Comparative example 1:The modified SSZ-13 molecular sieve selective reduction catalyst of copper
A kind of modified SSZ-13 molecular sieve selective reduction catalysts of copper, are prepared from by following methods:
(1) eutectic molecular sieve is prepared:By 1.46g SB powder (German Sasol companies, Al2O3% >=70%) be added to 1008.00g
In deionized water, stirring 0.5h after, be added dropwise 798.90g mass fraction be 25% N, N, N- trimethyl adamantane aqueous ammonium
(R1) 30.82g NaOH (purity 96%, Tianjin Kermel Chemical Reagent Co., Ltd.), are added Jing after being sufficiently stirred for,
Stirring 0.5h, adds 122.62g white carbon (SiO2% >=70%), 2~3h is stirred, 7.21g is added after being thoroughly mixed
SSZ-13 crystal seeds, in being fitted into teflon-lined steel bomb, crystallization 72h at 170 DEG C;After the completion of reaction, will
Product is washed with deionized, and 12h roasting 12h at 580 DEG C is dried at 120 DEG C and obtains molecular sieve solid powder;
The mol ratio of raw material is:Na2O:Al2O3:SiO2:H2O:R1 is 68.0:1.0:200.0:5600.0:108.0;
(2) hydrogen type molecular sieve is prepared:Taking the molecular sieve solid powder 15g that step (1) obtains, to be added to 1500mL ammonium nitrate molten
In liquid (1.0mol/L), 12h is exchanged under 80 DEG C of water bath conditions, fully wash and filter, then repeated above-mentioned ammonium ion and exchange
3 times, 12h is dried at 120 DEG C, in 550 DEG C of roasting 4h, obtains Hydrogen SSZ-13/Analcime eutectic molecular sieves;
(3) copper modified hydrogen molecular sieve:The molecular sieve 15g for taking step (2) synthesis is added to 21.24ml concentration for 1.0mol/L
Cu (NO3)2·3H2In the O aqueous solution;Dust technology is added dropwise in above-mentioned solution and adjusts its pH to 2.9, inserted after stirring resistance to
In heat container, and it is put into together in the drier with pressure-reducing valve;The pressure in drier is extracted into below 10Torr with vavuum pump
Afterwards, room temperature carries out the degassing process of 1 hour, then after 90 DEG C of dryings 24 hours, by dried sample in normal atmosphere
In 550 DEG C of roasting temperatures 3 hours under pressure conditions;Then it is classified with the screen cloth of 40 mesh, is obtained modified point of described copper
Son sieve, copper modified molecular screen prepared by icp analysis result, copper (II) ion accounts for the 3.0% of copper modified molecular screen gross weight, i.e. copper and bears
Carrying capacity is 3.0wt%, and the XRD of the molecular sieve is as shown in Figure 2;
(4) the copper modified molecular screen that 15g steps (3) are obtained is taken, with the commercially available Ludox of 3.25g (silica quality content
For 20wt%) and 19.01g deionized waters be well mixed the catalyst slurry for being fabricated to that solid content is 42.0wt%, and passed through
Infusion process is coated on the cellular porous regular material (#300cpsi, diameter 21mm, length 20mm) of cordierite system, with pressure
Contracting air blows unnecessary slurry droplet off, is dried 24 hours at 110 DEG C, copper is prepared into after roasting 2h under the conditions of 500 DEG C and is modified
SCR catalyst, the load capacity on regular material is 230g/L, is labeled as CHA-SCR-1.

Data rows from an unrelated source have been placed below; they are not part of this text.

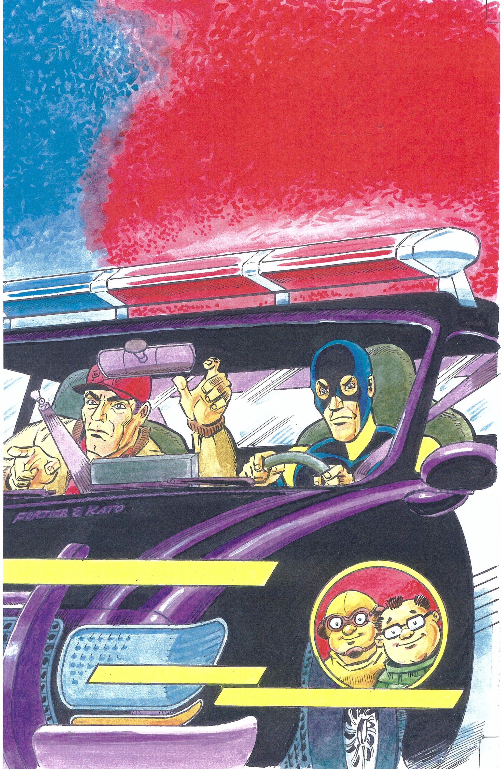 People like our good friend, artist Gary Kato who just wrapped up his work on the newest issuse # 16. Above is the start of the cover before Art Director Rob Davis adds the logo and other text. Seen here are Jiggy behind the wheel and his pal, Portland Police Detective Lt. Boltz…and we won’t say too much more, only that this issue features an 8 pg back story starring two of Jiggy’s pals, Blimp & Turtle. It was written and illustrated by our pal Jon Bonjour and lettered by the amazing Elisa St. John. We think all our Jiggy fans are going to get a big kick out of this issue. We’ll keep you posted.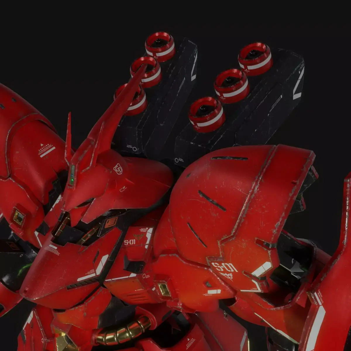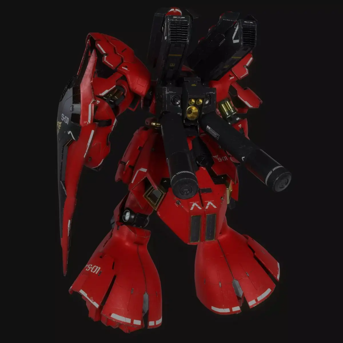 This 3D model is Sazabi RG style custom build with weathering finishing, the model is 1:1 scale (cm). The body and armor also have joints and constraints.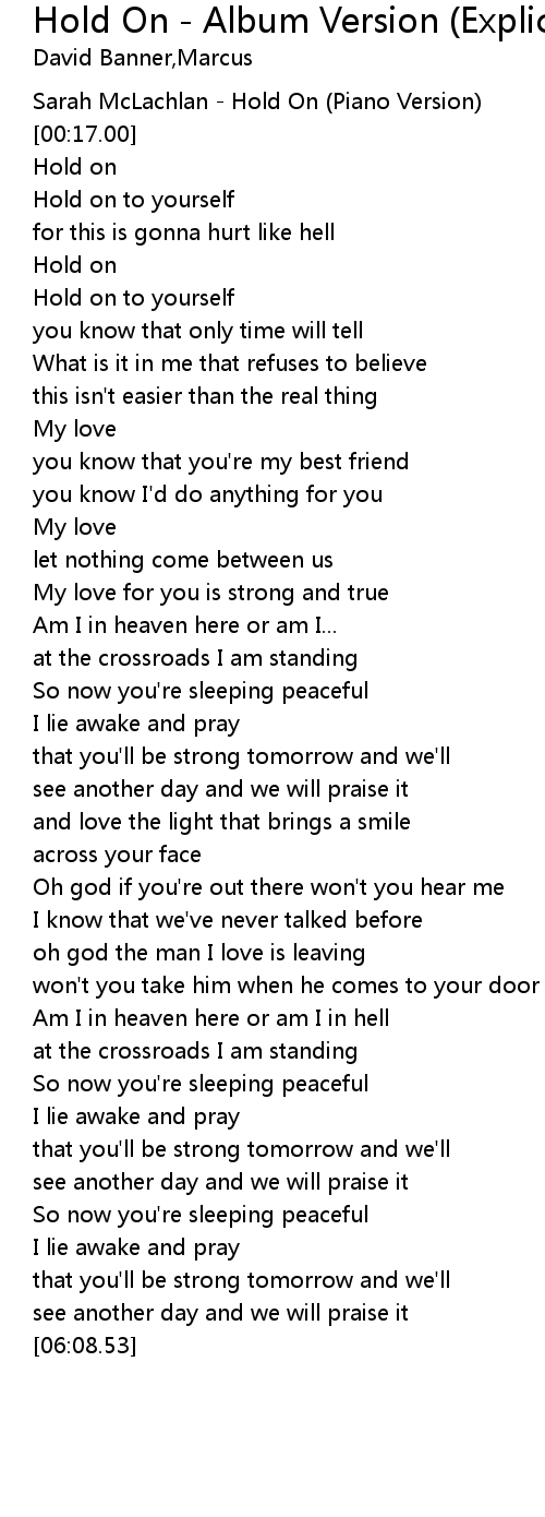 [00:02.00] Sarah McLachlan - Hold On (Piano Version)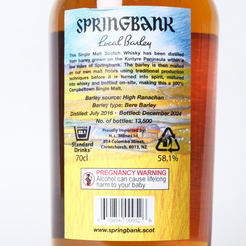 Lot 74 of 77: (1) 2024 Springbank Local Barley 8 Year Old Single Malt Scotch Whisky 700ml 58.1% abv, Campbeltown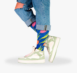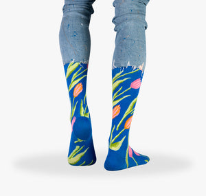 Frisch wie holländische Tulpen 🌷 bleiben Fuß und Bein in SUPER SOCKS Tulpen Kniestrümpfe für Damen und Herren, dank der hohen Atmungsaktivität und halten dabei deutlich länger! Durch verstärkte und nahtreduzierte Teilbereichen an Fuß und Ferse wird Reibung im Schuh gemindert, gleichzeitig sorgt feine Baumwolle 🧶 für höchsten Tragekomfort von früh bis spät. Socken Strauß gefällig? Den gibt’s hier, in der Knicks Flower Box für florale Farbe an der Wade.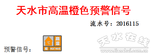 天水市氣象臺(tái)2016年8月15日15時(shí)30分繼續(xù)發(fā)布高溫橙色預(yù)警信號(hào):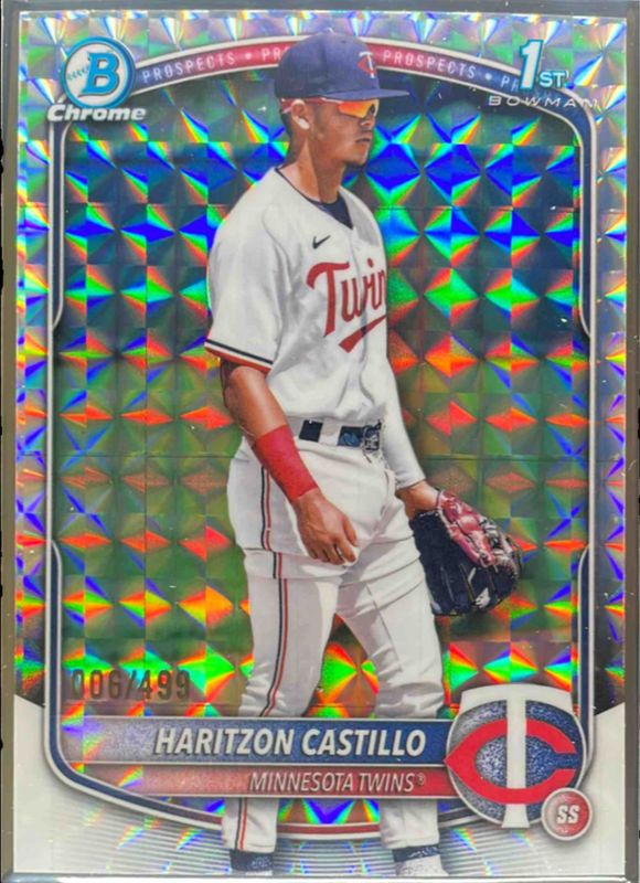 This card is 1 of 87 Haritzon Castillo's card variations in the 2025 Bowman Chrome set being tracked by Sports Card Investor, including International Refractor Variation, Prospect Auto (1st), Prospect Auto - Black & White Shimmer Refractor (1st), Prospects (1st), and Prospects - Mini-Diamond Refractor (1st).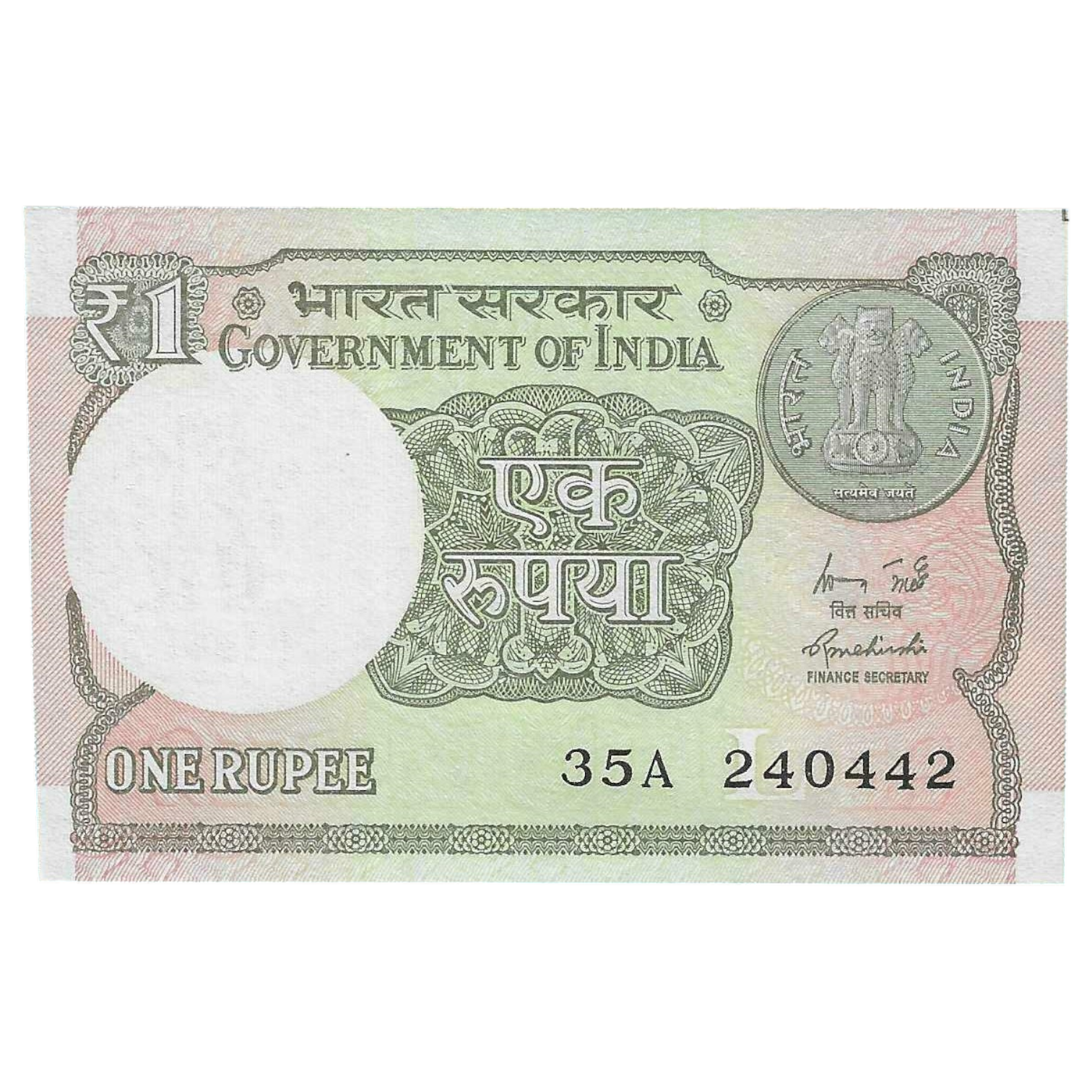 A-60 ~ 1 RUPEE NOTE ~ R MEHRISHI ~ 2015 ~ INSET “L” ~ PREFIX “A” ~ DATE : 24th APRIL 42
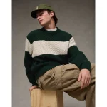 AE Cozy Cabin Chest Stripe Sweater – Pine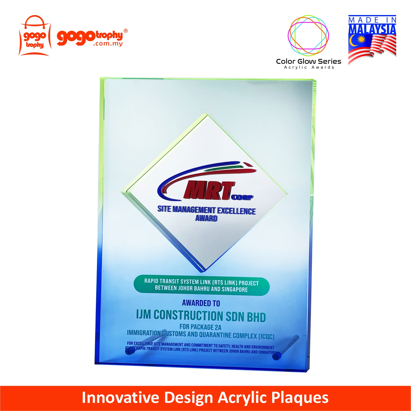 Elevate your recognition ceremony with our Color Glow Series Acrylic Awards - designed to impress with vibrant edges, a crystal-look high clarity appearance, and durable construction. Ideal for corporate recognition, employee awards, appreciation plaques, competition trophies, and graduation souvenirs. Personalize and custom with a logo and text. FREE artwork design & printing. NO minimum order quantity (MOQ).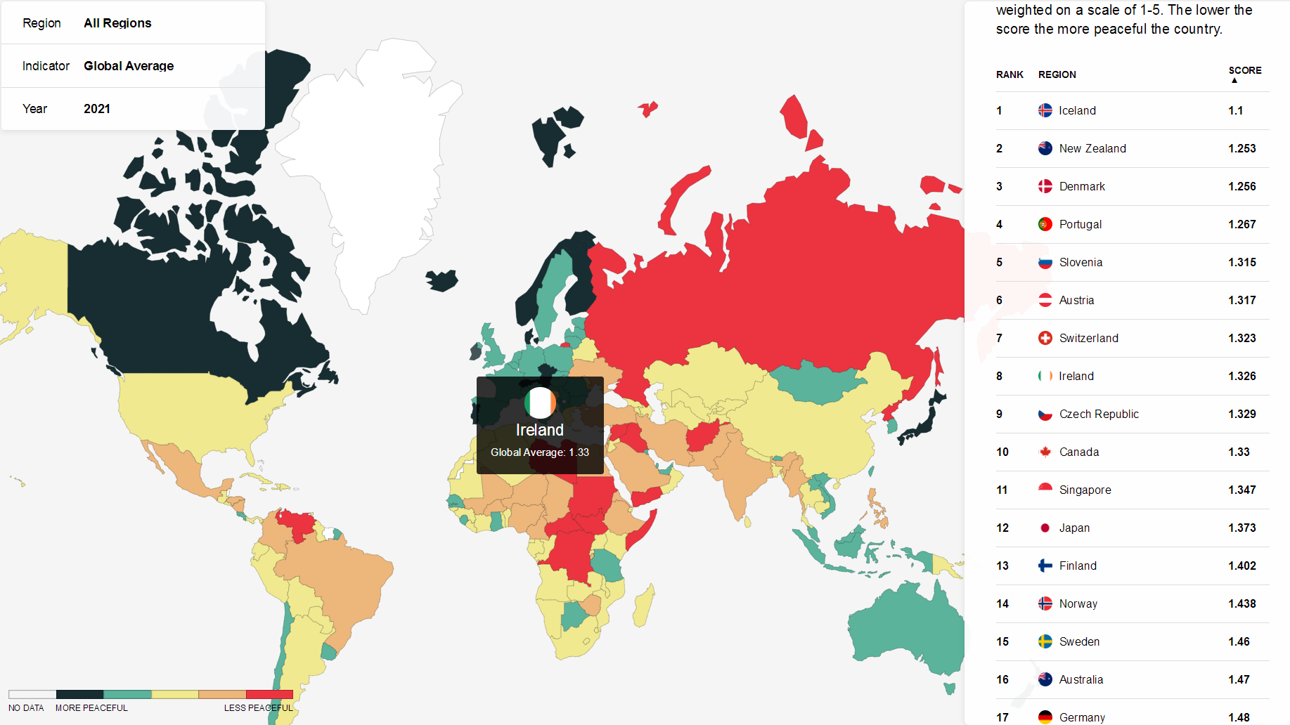 夸累了系列2!2021全球和平指數發布,愛爾蘭又上十佳榜了!

Comparative example 2:The modified beta-molecular sieve selective reduction catalyst of synthesis copper
A kind of modified beta-molecular sieve selective reduction catalyst of copper, is prepared from by following methods:
(1) the NaOH aqueous solution is added in cataloid (silica quality content is 30wt%), is sufficiently stirred for
Al (NO are added afterwards3)3The aqueous solution of the 9H2O aqueous solution and TEAOH (TEAOH contents 35wt%), it is anti-after being sufficiently stirred for
The mol ratio for answering mixture, raw material is:Na2O:Al2O3:SiO2:H2O:TEAOH is 21.0:1.0:300.0:4000.0:
150.0;
(2) above-mentioned reactant mixture is put into polytetrafluoroethylcontainer container, closed self-generated pressure heats 72h under the conditions of 155 DEG C;
Then be centrifuged, wash, 120 DEG C be dried 12h, roasting 4 hours removes mould at 550 DEG C under normal atmosphere pressure
Plate;With SiO in icp analysis product2:A12O3Mol ratio be 29:1, the XRD analysis products is with BEA type structures
Beta-molecular sieve, as shown in Figure 3;
(3) the beta-molecular sieve powder of 10g is added in 1000mL ammonium nitrate solutions (1.0mol/L), under the conditions of 80 DEG C
Process carries out ion exchange in 24 hours, fully washs and filters, and then repeats above-mentioned ammonium ion and exchanges 3 times, does at 120 DEG C
Dry 24h, after roasting 4 hours, hydrogenation synthesis β zeolite molecules are obtained at 550 DEG C by zeolite molecular sieve under normal atmosphere pressure
Sieve;
(4) 35g copper acetate (Cu are dissolved in 3500g deionized waters2(CH3COO)4·H2O) 35g, obtains pH for 2.8
Copper acetate (II) deionized water solution;In above-mentioned copper acetate (II) in the aqueous solution, hydrogenation synthesis zeolite molecular sieve 300g is added,
After stirring 2 hours at 80 DEG C, filtered, separation of solid and liquid;Hydrogenation synthesis zeolite molecular sieve after separation of solid and liquid is with 40 DEG C
3500g pure water is cleaned, and filtration is repeated and cleans, until the pH value of detergent remover is 6~7;Then, dry at 120 DEG C
Filter material 12h, roasting 2 hours at 550 DEG C;After being classified with the mesh screen of 40 mesh, the modified beta-molecular sieve of copper is obtained,
The XRD of the molecular sieve is as shown in Figure 3;The beta-molecular sieve that copper prepared by icp analysis is modified, copper (II) ion accounts for the modified β of copper
The 3.0% of molecular sieve gross weight, i.e. copper load capacity are 3.0wt%;
(5) the copper modified molecular screen that 15g steps (4) are obtained is taken, with the commercially available Ludox of 4.32g (silica quality content
For 20wt%) and 15.93g deionized waters be well mixed the catalyst slurry for being fabricated to that solid content is 45.0wt%, and passed through
Infusion process is coated on the cellular porous regular material (#300cpsi, diameter 21mm, length 20mm) of cordierite system, with pressure
Contracting air blows unnecessary slurry droplet off, is dried 24 hours at 105 DEG C, copper is prepared into after roasting 2h under the conditions of 500 DEG C and is modified
SCR catalyst, the load capacity on regular material is 224g/L, is designated as BEA-SCR-2.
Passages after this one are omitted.